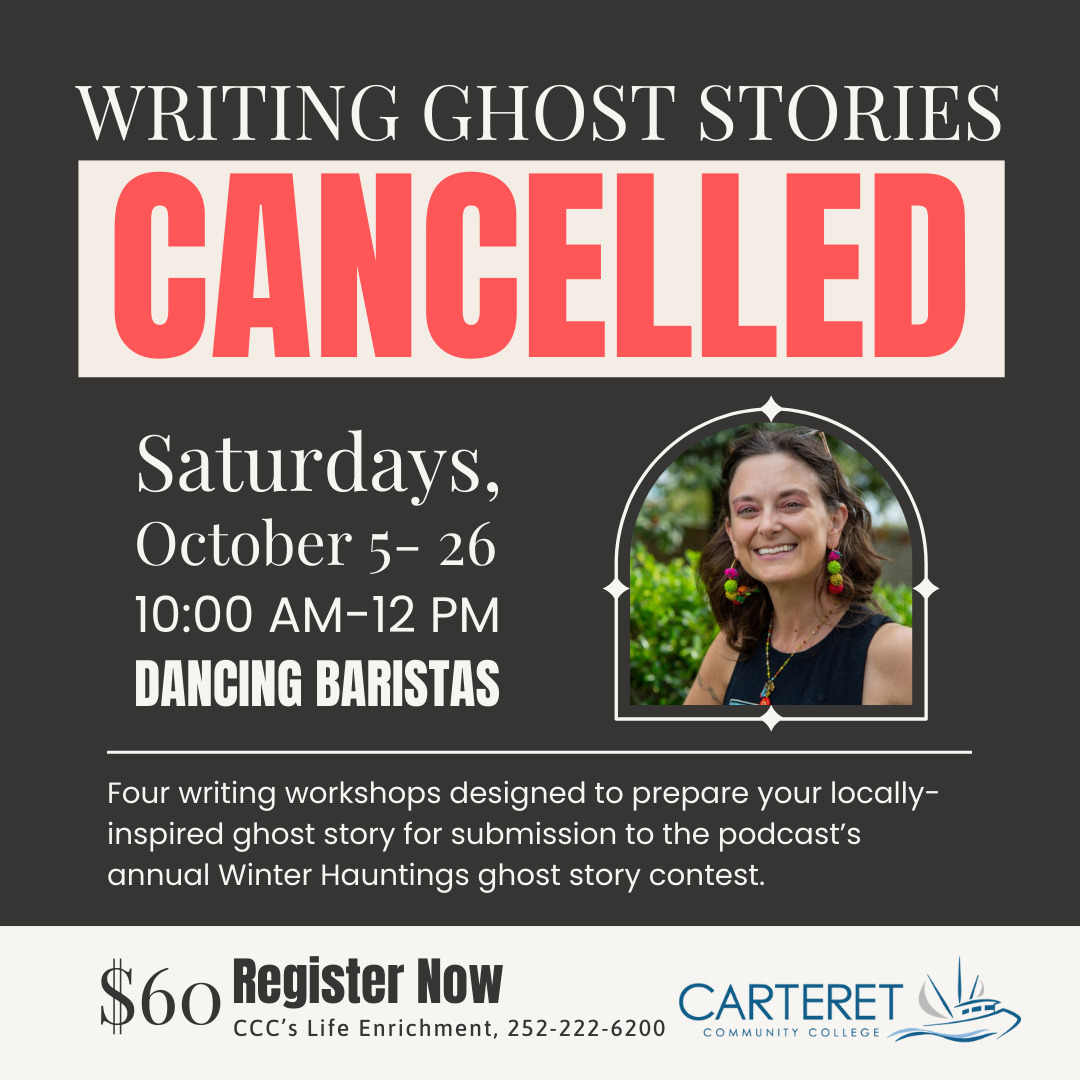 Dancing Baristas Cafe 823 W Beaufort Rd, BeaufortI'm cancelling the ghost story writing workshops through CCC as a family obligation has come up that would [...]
• • • • •
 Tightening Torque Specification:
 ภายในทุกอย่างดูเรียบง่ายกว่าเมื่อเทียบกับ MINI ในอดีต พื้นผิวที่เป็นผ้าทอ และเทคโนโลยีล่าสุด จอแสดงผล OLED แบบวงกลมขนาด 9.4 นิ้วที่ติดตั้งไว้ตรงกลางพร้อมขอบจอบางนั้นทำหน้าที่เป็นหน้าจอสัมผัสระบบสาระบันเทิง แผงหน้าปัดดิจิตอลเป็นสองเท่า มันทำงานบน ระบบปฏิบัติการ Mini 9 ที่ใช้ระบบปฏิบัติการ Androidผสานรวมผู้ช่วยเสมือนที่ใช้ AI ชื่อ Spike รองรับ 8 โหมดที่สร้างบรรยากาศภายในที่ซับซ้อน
• • • • •
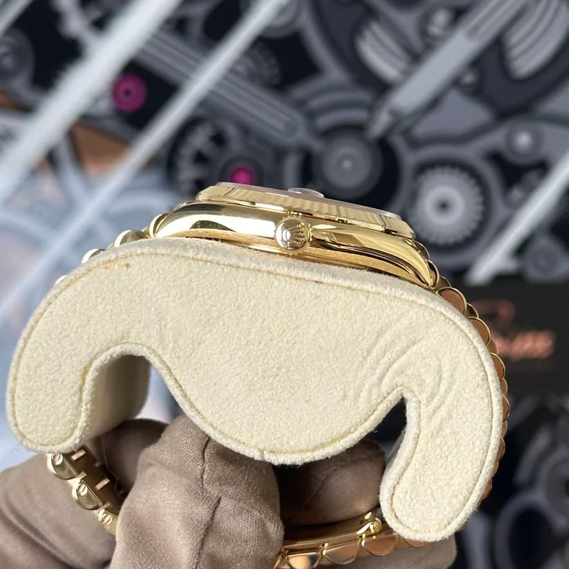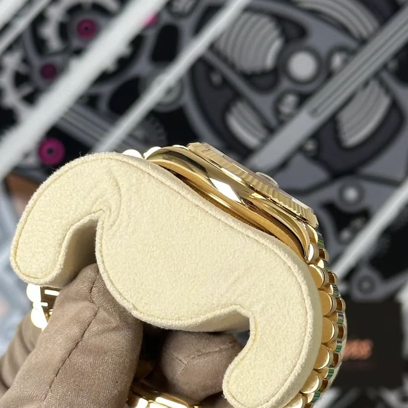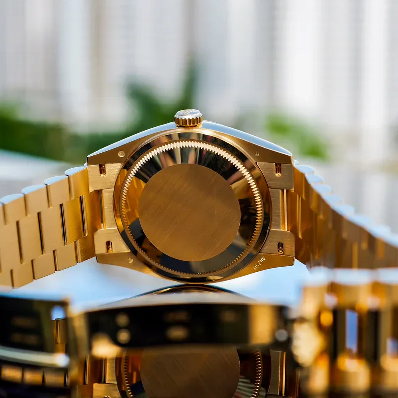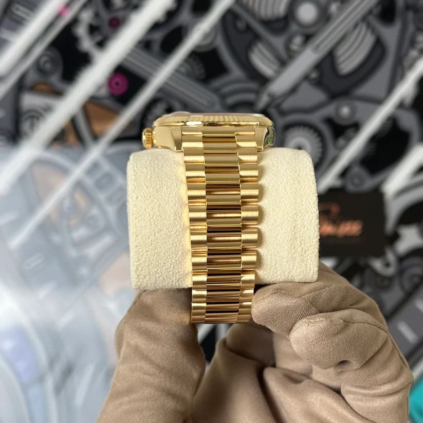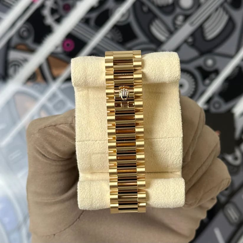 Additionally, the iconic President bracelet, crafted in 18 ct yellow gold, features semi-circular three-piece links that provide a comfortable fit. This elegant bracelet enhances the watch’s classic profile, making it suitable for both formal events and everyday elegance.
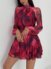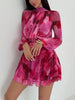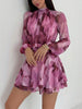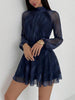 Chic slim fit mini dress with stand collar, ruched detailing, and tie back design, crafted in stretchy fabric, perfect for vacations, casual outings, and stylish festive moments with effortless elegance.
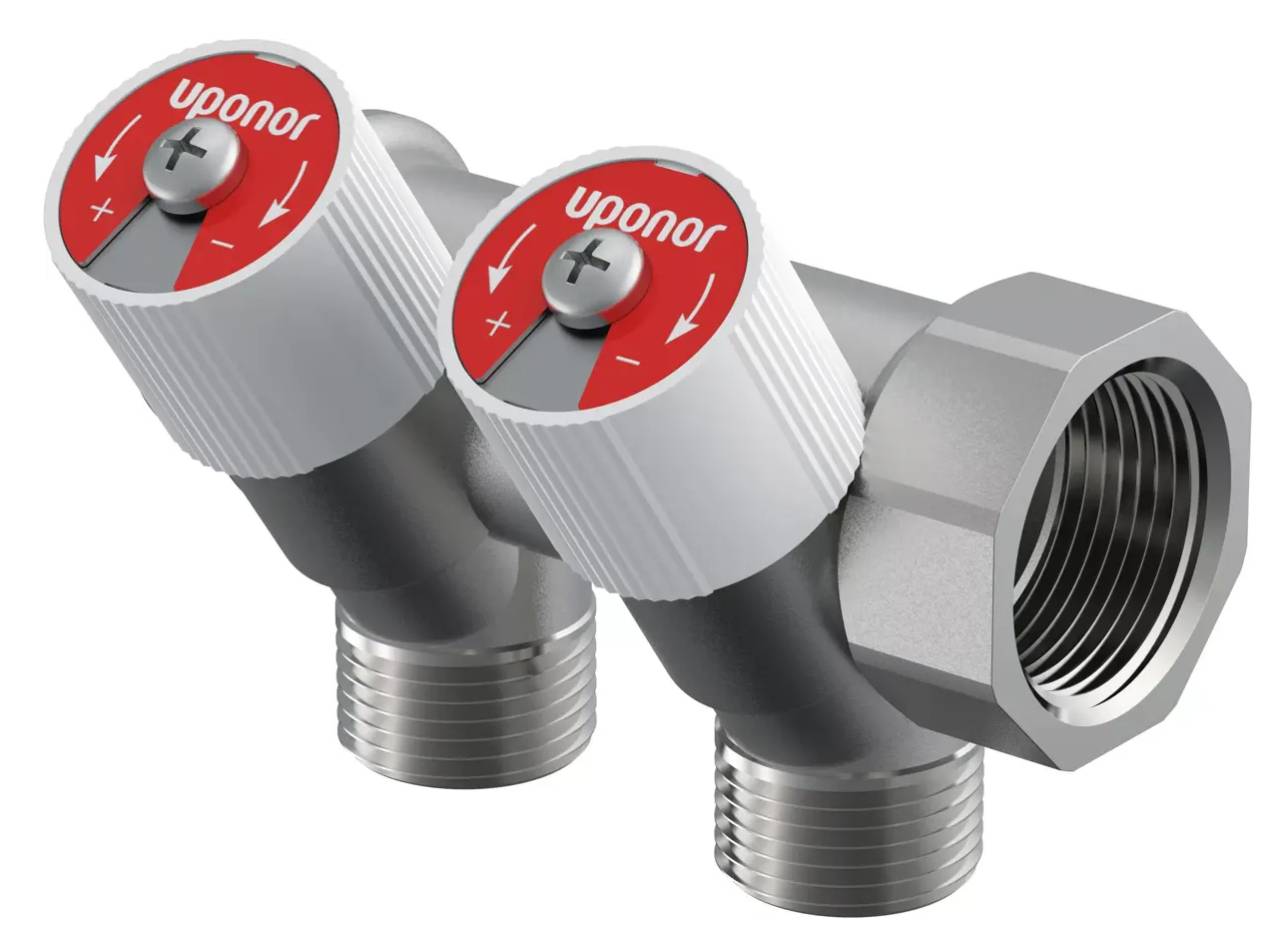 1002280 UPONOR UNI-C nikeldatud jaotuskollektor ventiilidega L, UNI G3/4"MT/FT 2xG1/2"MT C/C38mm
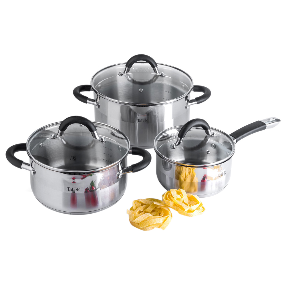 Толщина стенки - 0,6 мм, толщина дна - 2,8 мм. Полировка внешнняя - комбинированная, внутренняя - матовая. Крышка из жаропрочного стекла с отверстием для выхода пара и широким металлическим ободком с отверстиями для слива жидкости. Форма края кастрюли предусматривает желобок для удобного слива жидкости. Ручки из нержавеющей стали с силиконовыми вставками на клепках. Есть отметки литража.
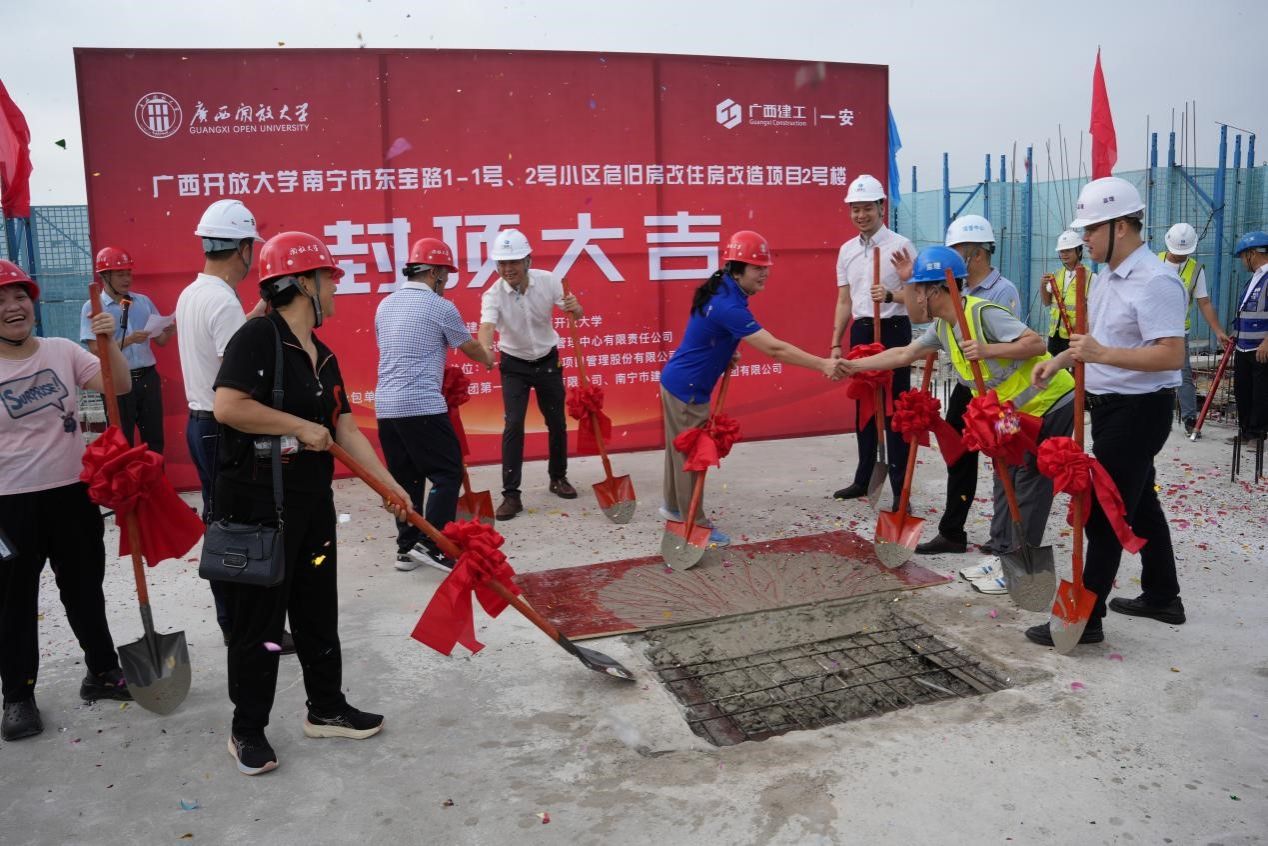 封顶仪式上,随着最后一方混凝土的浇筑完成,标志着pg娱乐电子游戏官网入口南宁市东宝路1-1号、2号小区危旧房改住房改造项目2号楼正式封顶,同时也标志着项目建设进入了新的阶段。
• • • • •
In the records above, copy exactly everything from the line that has "Chic slim fit" down to the line that has "封顶仪式上,随着最后一方混凝", both ends included, and leave out the pictures.

 Chic slim fit mini dress with stand collar, ruched detailing, and tie back design, crafted in stretchy fabric, perfect for vacations, casual outings, and stylish festive moments with effortless elegance.
 1002280 UPONOR UNI-C nikeldatud jaotuskollektor ventiilidega L, UNI G3/4"MT/FT 2xG1/2"MT C/C38mm
 Толщина стенки - 0,6 мм, толщина дна - 2,8 мм. Полировка внешнняя - комбинированная, внутренняя - матовая. Крышка из жаропрочного стекла с отверстием для выхода пара и широким металлическим ободком с отверстиями для слива жидкости. Форма края кастрюли предусматривает желобок для удобного слива жидкости. Ручки из нержавеющей стали с силиконовыми вставками на клепках. Есть отметки литража.
 封顶仪式上,随着最后一方混凝土的浇筑完成,标志着pg娱乐电子游戏官网入口南宁市东宝路1-1号、2号小区危旧房改住房改造项目2号楼正式封顶,同时也标志着项目建设进入了新的阶段。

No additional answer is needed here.